Although the best mode has been shown and described in the drawings and specification, certain terminology has been used for the purpose of describing the embodiments of the invention and is not intended to be limiting or to limit the scope of the invention described in the claims. It is not. Therefore, it will be understood by those skilled in the art that various changes and modifications may be made without departing from the scope of the present invention. Accordingly, the true scope of the present invention should be determined by the technical idea of the appended claims.

100: sequence input unit 200: sequence total length calculation unit
300: k-mer generation unit 400: k-mer /
500: k-mer frequency counting unit 600: sequence similarity calculating unit

Claims

A sequence input unit configured to input two sequences X and Y;
A sequence total length calculator configured to calculate an overall length of each of the sequences X and Y input from the sequence input unit;
A k-mer generating unit configured to generate k-mers by dividing each of the sequences X and Y inputted from the sequence input unit according to the set k;
A k-mer / number replacement unit configured to replace k-mers for each of the sequences X and Y generated by the k-mer generation unit with numbers using a hash map;
A k-mer frequency counting unit configured to count a frequency of k-mers substituted in the k-mer / number substitution unit; And
(K-mer distance) using the total length of each of the sequences X and Y and the frequency of k-mers counted by the k-mer frequency counting unit, calculated by the total length calculating unit of the sequence, And a k-mer conversion unit for calculating the similarity of the sequence.

The method according to claim 1,
The sequence similarity calculation unit calculates the sequence similarity by using the following Equation 1

(1)

Where X and Y represent the sequence, d _{X and Y} represent k-mer distances between sequence X and Y, τ represents k-mer, and n _X (τ) and n _Y τ denotes the frequency of the corresponding k-mer in the sequences X and Y, l _X and l _Y denote the total length of the sequences X and Y, respectively, and k denotes a constant indicating the length of the k-mer it means]

Wherein the k-mer conversion apparatus is configured to calculate the sequence similarity using the k-mer conversion apparatus.
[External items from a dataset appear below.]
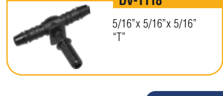
DV-1118 5/16" x 5/16" x 5/16" "T"
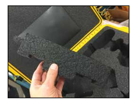
Step 2. Discard that piece. You will not need it any longer.
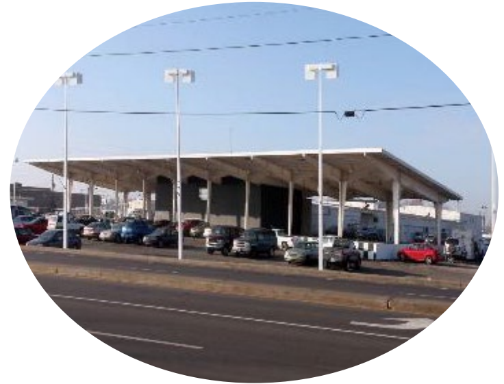
4090 Lafayette Rd
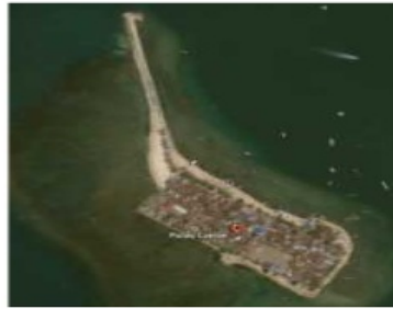
Figure 1. Lae-Lae Island

In their daily life, people on the island of Lae-Lae spend more time in open spaces. Various activities do not take place in the house but in the yard, the street, beaches, and other open places. Diverse activities are conducted in these places, where there are playing, working, resting, eating, parenting, or just socializing with neighbors. In these places, they put bale-bale as seats and the placement is generally under the big tree.

A k-mer conversion method for measuring the similarity of a sequence, which is implemented by a k-mer conversion apparatus for measuring the similarity of a sequence as set forth in claim 1 or 2, comprising:
A step of inputting two sequences X and Y from a sequence input unit;
The total length of each of the sequences X and Y inputted in the input step is calculated by the total sequence length calculating unit;
generating a k-mer by dividing each of the sequences X and Y inputted in the input step according to the set k;
replacing k-mers for each of the sequences X and Y generated by the k-mer / digit replacement unit with numbers using a hash map;
counting the frequency of the k-mer frequency counting unit for k-mers whose numbers have been replaced in the replacing step; And
(K-mer distance) using the total length of each of the sequences X and Y calculated in the calculation step and the frequency of k-mers counted in the counting step. A k-mer transformation method for measuring the similarity of sequences.